In the modern age, the concept of ijtihād has sometimes been applied, in an entirely unprecedented manner, to reformist legislation introduced by, or at least subject to the ratification of, elected parliamentary bodies. It has also been adopted by a variety of reform-minded Muslim thinkers, both "modernist" and "fundamentalist," as a rationale for programs calling for fundamental social change or intellectual reorientation.

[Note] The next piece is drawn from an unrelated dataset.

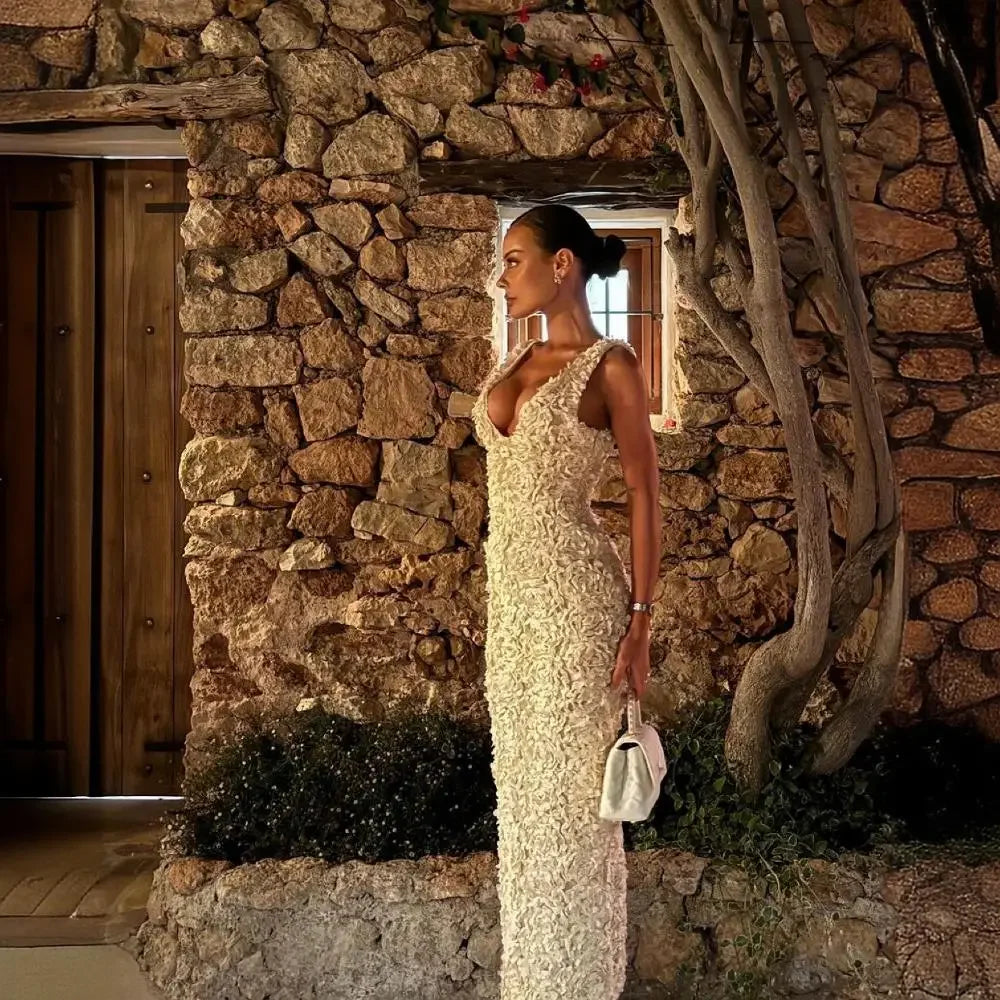 Unveil your radiance in the Mimi Bloom—a masterpiece of elegance and allure. This V-neck see through maxi dress hugs your curves with sensual precision, while delicate floral appliqués bloom across the sheer fabric, creating an ethereal silhouette that’s both bold and romantic.

While virtually every general work on Islam or Islamic law—for example, Joseph Schacht's An Introduction to Islamic Law (Oxford, 1964)—deals to some extent with the subject of ijtihād, there is as yet no major scholarly monograph in a Western language on the scholarly activities that constitute ijtihād. For a cursory discussion, see my "Interpretation in Islamic Law: The Theory of Ijtihad," American Journal of Comparative Law 26 (1978): 199–212, and Abdur Rahim's The Principles of Muhammadan Jurisprudence according to the Hanafi, Maliki, Shafii and Ḥanbalī Schools (1911; reprint, Westport, Conn., 1981), pp. 69–115, 137–192.